エルゴノミックチェアの構造――座り心地を決める7つの部品

「エルゴノミック(人間工学)」は、この業界で最も過剰に売り込まれる言葉です。ですからマーケティングとは正反対のことをして、ただ椅子を分解してみましょう。部品は7つ。これを理解すれば、どんな仕様書も読み解け、自分が何を手にしているのか、そして狙った価格で実際に何が買えるのかが分かります。
1. 背もたれ(とランバーサポート)
人がまず感じるのは背です。重要なのは背の高さではなく、腰の自然なカーブを支えてくれるかどうかです。安い順に3段階あります。
- 固定ランバー ―― カーブが成形で作り込まれている。廉価ラインには十分。
- 可動ランバー ―― 上下にスライドし、体格の異なる人に合わせられる。
- ダイナミックランバー ―― 動きに合わせてしなる。
メッシュチェアでは、メッシュと同じくらい背フレームが重要です。織りがどれだけ良くても、弱いフレームは時間とともに撓みます。
2. メカニズム
座面下にあり、ティルト(傾き)を制御する金属ハウジングです。椅子の心臓部であり、写真では見えない部分です。
- ベーシックティルト ―― 椅子全体が一点を支点に揺れる。
- シンクロティルト ―― 背と座が2:1の比率で一緒にリクライニングし、前にずり落ちない。これが、動きの中での「エルゴノミック」の本当の意味です。
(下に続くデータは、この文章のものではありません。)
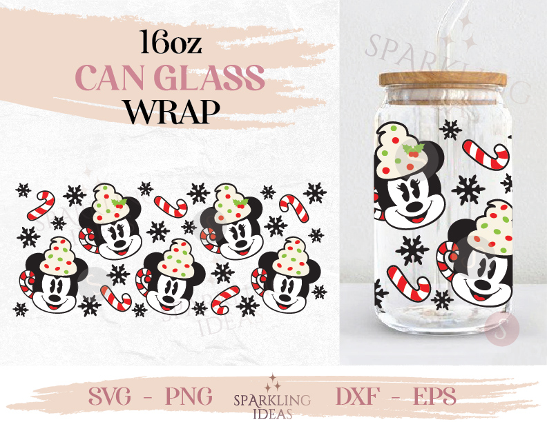 Mouse Ears Hot Cocoa Can glass SVG 16oz, Mouse Ears Christmas Glass Svg, Mouse Hot Drink Mug Glass Svg, Holiday Christmas Wrap Svg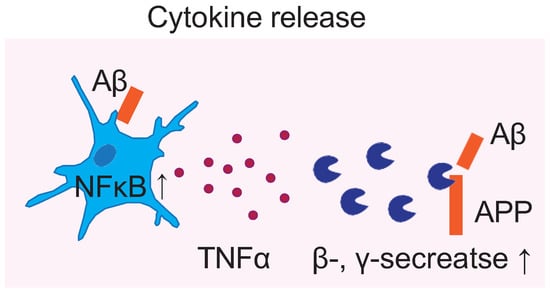 Aβ causes microglia to secrete pro-inflammatory cytokines and neurotoxic substances, including tumor necrosis factor-α (TNF-α), IL-1, IL-6, IFN-γ, and reactive oxygen species []. First, TNF-α is one of the most important pro-inflammatory cytokines in AD []. An in vitro study has shown that Aβ directly stimulates TNF-α production in microglia by activating the transcription factor NF-κB []. TNF-α increases the expression of β- and γ-secretases which generate Aβ from APP in vitro [,]. In healthy adults, the levels of TNF-α in the cerebrospinal fluid or blood and CNS are very low, but they are significantly elevated in the blood and CNS of patients with AD [,]. It has been reported that the risk of AD is lower in patients with rheumatoid arthritis and psoriasis who have been treated with TNF-α blocking agents []. IL-1 is also a key factor in AD because this factor leads astrocytes to release α1-antichymotrypsin (ACT) which promotes Aβ deposition []. IL-1β regulates the synthesis of APP, secretion of APP from glial cells, and amyloidogenic processing of APP in in vitro experiments []. Other microglial inflammatory mediators also contribute to the progression of AD. For example, overexpression of IL-6 induces neuroinflammation and impairs learning and memory functions []. In addition, IFN-γ induces lasting microglial priming which includes proliferation and moderate nitric oxide release, resulting in impairment of cognitive function []. As discussed above, Aβ and microglia interact with each other to accelerate inflammatory responses and neural damage, leading to the persistent development of AD.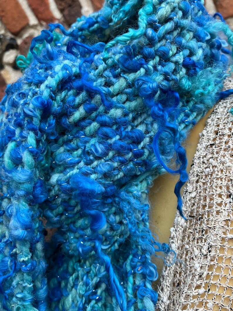 A completely unique and gorgeous hand made scarf – made from a UK ratebreed fleece blend with teeswater curls individually spun in then plyed with a silver thread.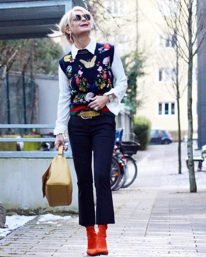 Les classiques sont toujours à la mode, donc pour un look à la mode, il vaut la peine de combiner des vêtements de style classique. Les costumes, que ce soit des pantalons ou des jupes, ont toujours l’air solide. Exactement quoi correspondre aux femmes d’âge. Les vestes allongées ajustées affinent la silhouette et les jupes droites ou les pantalons avec des flèches rendront les jambes gracieuses. Choisissez calmement les nuances, les panachées ne conviendront pas. Et aussi une combinaison élégante d’un costume sera une chemise rentrée ou pour la libération. La longueur du pantalon est autorisée, n’importe quelle jupe, de préférence sous le genou. Les femmes actives aimeront les costumes de sport, choisissez des modèles à coupe droite.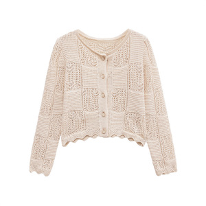 跨境外贸2025欧美风时尚女装气质百搭提花网眼针织外套 6771061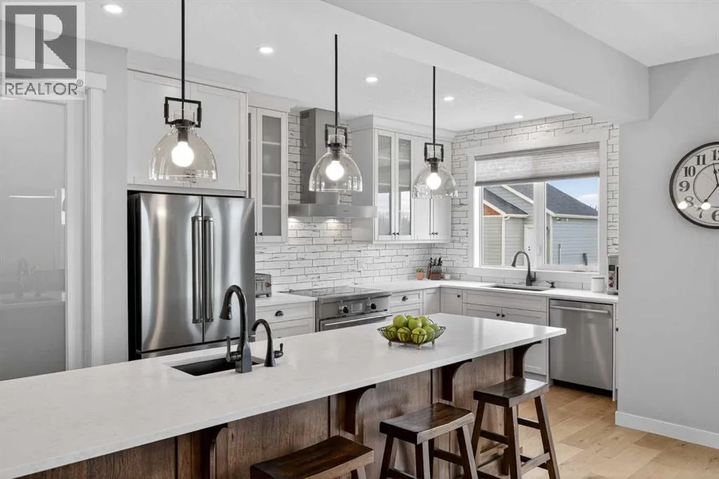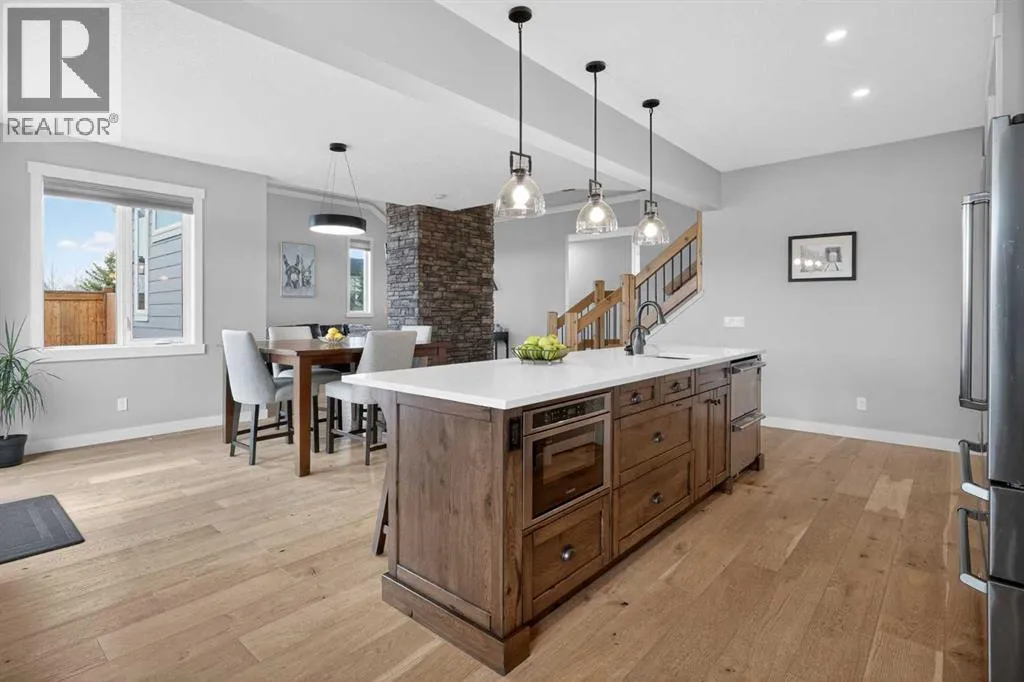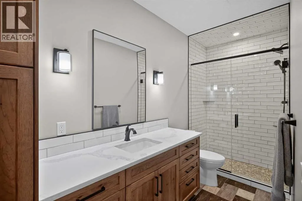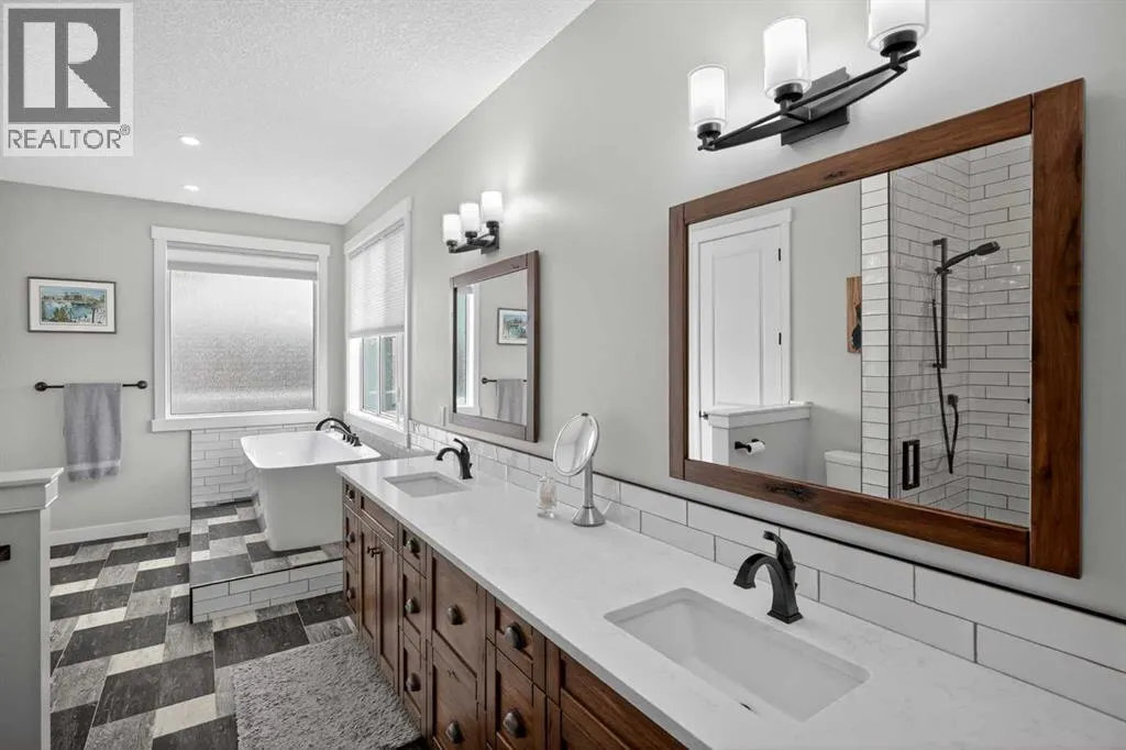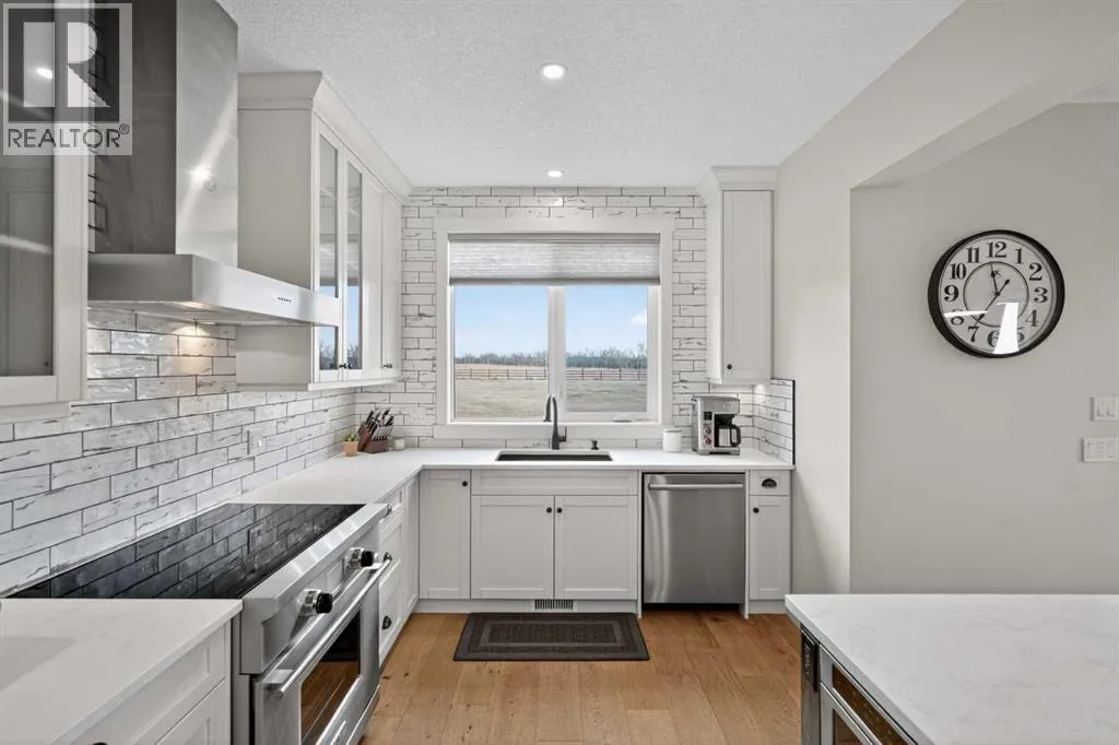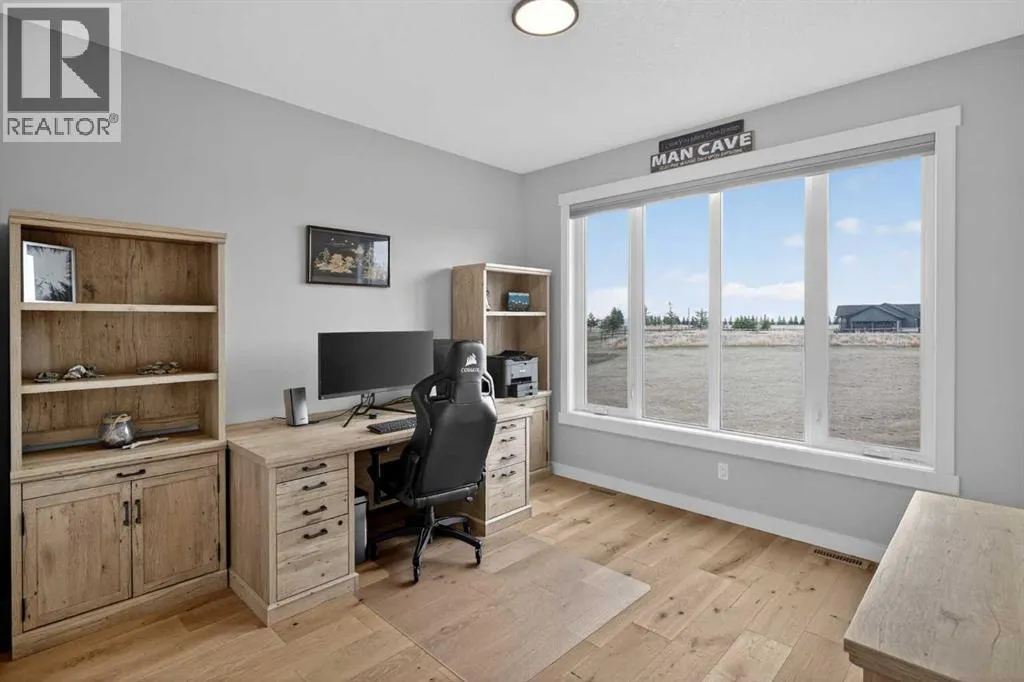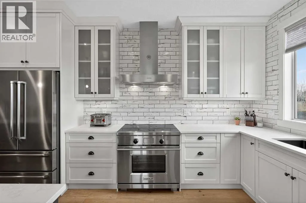 Set on just over 2 acres and only 5 minutes southwest of High River, this CUSTOM BUILT HOME offers nearly 4,000 sq ft of developed living space in a private setting backing onto an environmental reserve, giving you the space, privacy, and lifestyle people are searching for but rarely find this close to town. Step through the front door and you are immediately welcomed by an expansive open concept space, highlighted by soaring VAULTED ceilings, a stunning floor to ceiling BRICK GAS FIREPLACE, and a custom FIR WOOD staircase that acts as a true architectural feature. The kitchen is seamlessly integrated into this space and is built to stand out, featuring a large central island, custom cabinetry, premium appliances, including a 36 inch INDUCTION WOLF RANGE that brings both style and performance. The main floor is finished with wide plank white oak ENGINEERED HARDWOOD, along with 9 foot ceilings, and 8 foot doors. The layout is both practical and flexible, offering a main floor bedroom or office, a full bathroom, and laundry, all thoughtfully positioned to enhance how the home functions day to day. The upper level is highlighted by a stunning primary suite, complete with its own PRIVATE BALCONY showcasing west facing MOUNTAIN VIEWS, an ensuite featuring a dual vanity with quartz countertops, a freestanding tub, and a glass enclosed shower, along with a spacious walk in closet that creates a true retreat. Two additional bedrooms, a comfortable sitting area, and a custom designed staircase complete a second level that blends both function and style. The basement is fully finished and adds significant, well designed living space to the home. You will find two spacious bedrooms, a beautifully finished 3 piece bathroom, and a massive entertaining area that is enhanced by CUSTOM CABINENTRY, creating the perfect setup for a media room, games area, or extended family space. In floor heating runs throughout, adding a level of comfort that you will appreciate every single day. S tep outside, and you start to understand what truly sets this property apart. The set-back lot creates a level of privacy thatâs hard to find, giving you space to enjoy the outdoors the way itâs meant to be. Itâs built for both entertaining and everyday living, with a hot tub hookup already in place. A SECURITY GATE adds an extra layer of privacy and peace of mind. Stamped concrete patios at both the front and back create clean, functional spaces to relax and gather. You have a TRIPLE ATTACHED GARAGE plus a detached HEATED SHOP, giving you all the room you need for vehicles, storage, or a dedicated workspace without compromise. And itâs not just about the space, itâs how comfortably you live in it. With CENTRAL A/C and a 2-ZONED furnace, the home is designed to keep every level feeling just right, no matter the season. Every detail is designed for how the home lives day to day, with space to grow without losing connection. Opportunities like this, with this level of finish, space, and privacy, are rare! (id:27476)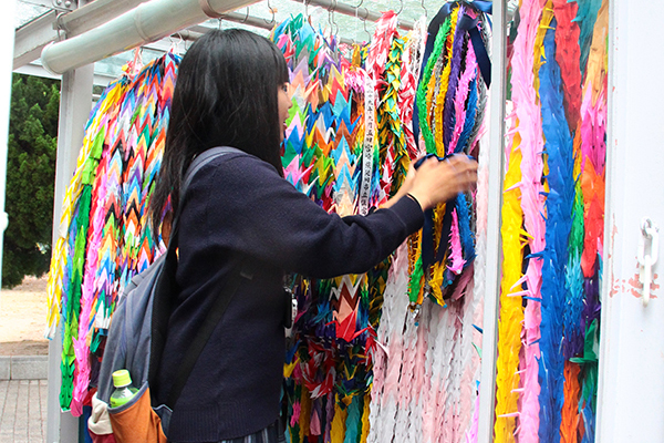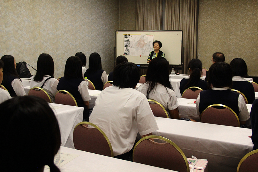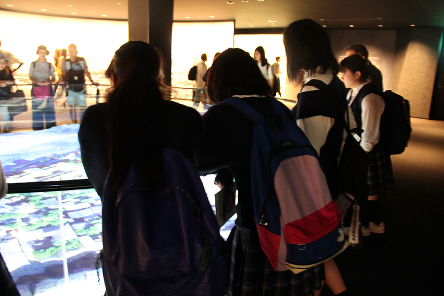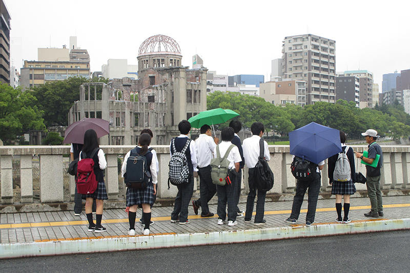 1日目は広島です。バスと新幹線を乗り継ぎ、広島駅に到着。そこから路面電車に乗りひろしま美術館に向かいました。平和記念公園ではガイドさんに公園内を解説してもらいながら案内してもらいました。最後に記念資料館を見学しました。夕食後は原爆を経験された畠山さんから平和講話をいただきました。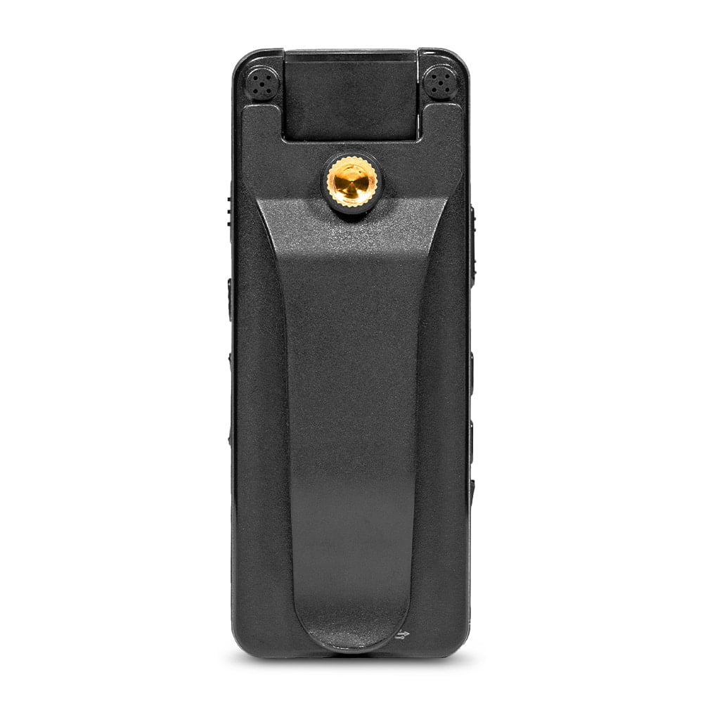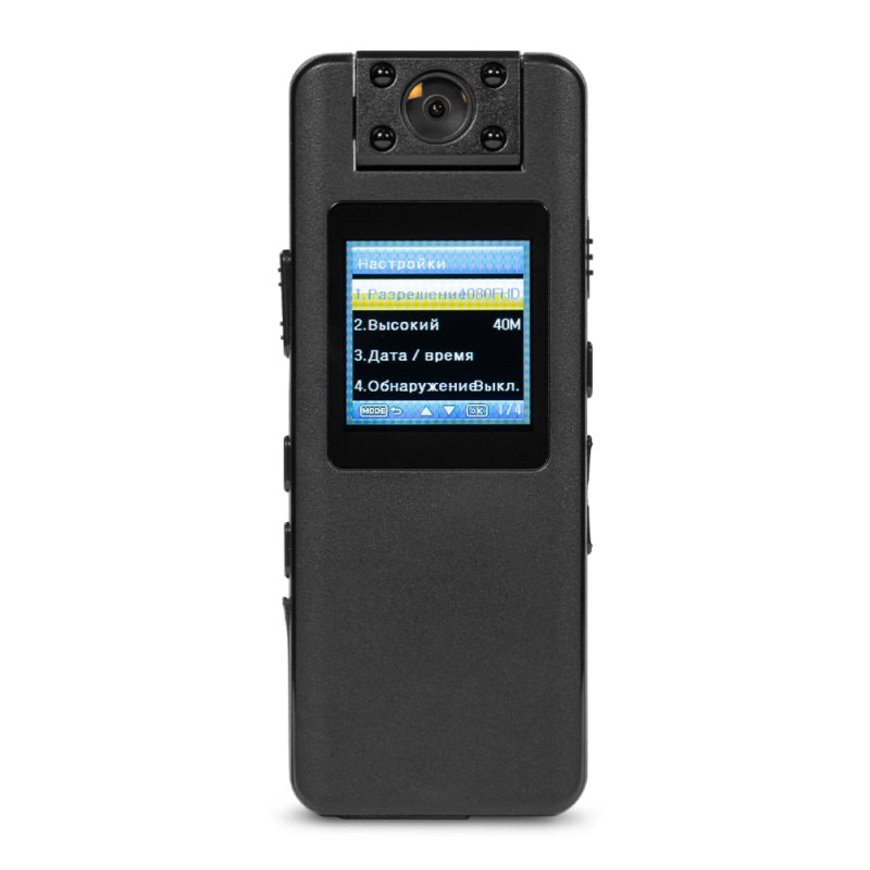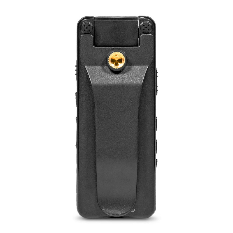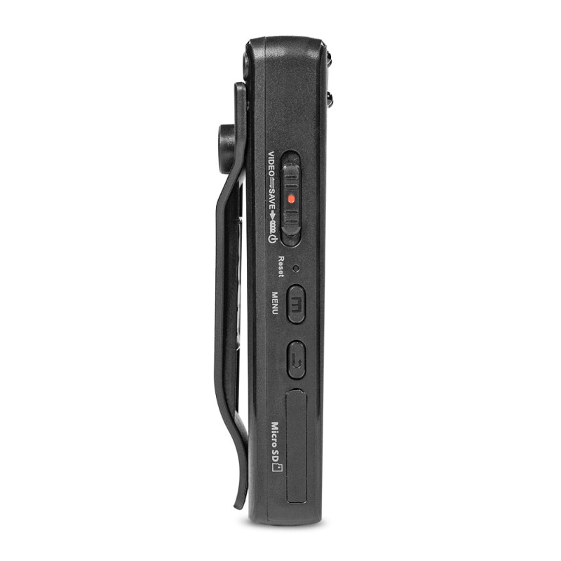 Компактний нагрудний відеореєстратор з поворотним об'єктивом, диктофоном і екраном. Якість запису відео: 1080p (1920x1080)/30fps; 720p (1280x720)/30fps; циклічний запис відео: 5/10 хв. Роздільна здатність фото: до 40 Мп. Кут огляду: 160°. Поворотний об’єктив 180°. ІЧ-підсвічування: до 5 м. РК-екран 1.3". Запис на карту пам'яті до 128 ГБ. Запис звуку: до 7 м, vaw 706kB. Роз'єми: micro-USB. Ємність батареї: 2200 mAh. Час роботи: до 10 годин. Ступінь захисту IP65. Габаритні розміри: 96 / 38 / 16 мм. Вага: 80 г. У комплекті магнітна кліпса, шнур micro-USB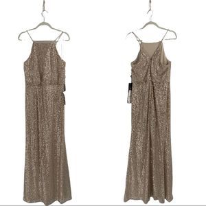 Adrianna Papell Women's Nude Sequined Blouson Halter Formal Gown Sz10M $179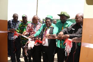 Mkurugenzi Mtendaji wa Kituo cha Uwekezaji wa Tanzania-TIC, Dkt. Maduhu Kazi (wa tatu kulia) akikata utepe kufungua chuo cha ufundi Kasoli iliyojengwa kwa msaada na Mwekezaji wa Kampuni ya Alliance Ginnery na baadaye kukabidhiwa kwa Serikali jana katika Kijiji cha Kasoli wilayani Bariadi mkoani Simiyu.
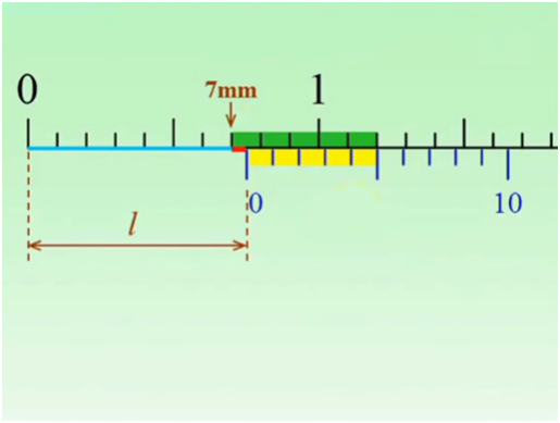 按照刚才的方法我们来读数,游标0刻度以左读主尺,可读出有7个刻度,即主尺为7毫米。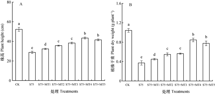 图 1 盐胁迫下不同浓度褪黑素处理对水稻幼苗株高(A)和生物量(B)的影响 Fig. 1 Effects of spraying of MT on plant height (A) and dry weight (B) of rice seedlings under salt stress relative to MT concentration 注:CK:喷施去离子水,S75:75 mmol L-1 NaCl+喷施去离子水,S75+MT1:75 mmol L-1 NaCl+喷施25 μmol L-1 MT,S75+MT2:75 mmol L-1 NaCl+喷施50 μmol L-1 MT,S75+MT3:75 mmol L-1 NaCl+喷施100 μmol L-1 MT,S75+MT4:75 mmol L-1 NaCl+喷施200 μmol L-1 MT,S75+MT5:75 mmol L-1 NaCl+喷施400 μmol L-1 MT。不同的小写字母表示处理间差异显著(p < 0.05)。下同 Note: CK: spraying ddH2O, S75: 75 mmol L-1 NaCl+spraying ddH2O, S75+MT1: spraying 75 mmol L-1 NaCl+25 μmol L-1 MT, S75+MT2: 75 mmol L-1 NaCl+50 μmol L-1 MT, S75+MT3: 75 mmol L-1 NaCl+100 μmol L-1 MT, S75+MT4: 75 mmol L-1 NaCl+200 μmol L-1 MT, S75+MT5: 75 mmol L-1 NaCl+400 μmol L-1 MT. The different lower-case letters on the columns mean significant difference at the level of 5%. The same below |

- マルチファンクション ―― ロック位置や座面奥行きスライドが加わる。
弱いメカニズムは、安価な椅子が壊れる場所です。弊社が溶接して疲労試験を行うのは、椅子が完璧に見えても、数千サイクルでここが緩むことがあるからです。

3. ガスシリンダー
座面を上下させるシリンダーです。必ずSGSのクラス(3または4)を確認してください。椅子の主要な安全部品であり、数セントを削るのが最も簡単な箇所です――誰にも削らせないでください。格付けされたシリンダーは、1年かけてじわじわ沈むこともなく、高さを保ちます。
4. 座面(ウレタン+エッジ)
良い座面は、適切な密度の成形ウレタンを使います――快適なほど柔らかく、しかし板まで沈み込まないほど硬い。前縁は下に向かってカーブするウォーターフォールエッジであるべきで、膝裏を圧迫しません。平らで硬い前縁は、安価な金型のサインです。
5. アームレスト
最も過小評価されている部品です。選択肢は、固定式、高さ調整(2D)、3D・4D(高さ・幅・奥行き・首振り)まで幅広くあります。デスクワークなら、机の下に収まる単純な高さ調整アームでも、立派な固定アームに勝ります。アームはカタログではなく用途に合わせてください。
6. ベース
五本足ベースで、後ろに寄りかかっても脚が浮かない幅広のものを。金属(アルミまたはスチール)は高耐久・高級感向け、強化ナイロンは軽量・コスト重視ライン向け。どちらも問題ありません――格付け荷重にベースが見合っている限り。
7. キャスター
小さな部品ですが効果は大きい。カーペットには硬いキャスター、硬い床には柔らかい(PU)キャスターを。種類を間違えると、転がらないか、お客様の床を傷つけて悪評を招きます。市場で使われる床のタイプを必ずサプライヤーに伝えてください。
購入時にこれをどう使うか
次にサプライヤーから仕様書が届いたら、この7項目をたどってください。「高品質なメカニズム」「快適なウレタン」のように曖昧な行があれば、具体的に質問しましょう――シンクロ比は何か、ウレタン密度はいくつか、ガスシリンダーのクラスは何か。自社製品を分かっている工場は一文で答えます。商社はたいてい「工場に確認します」となります。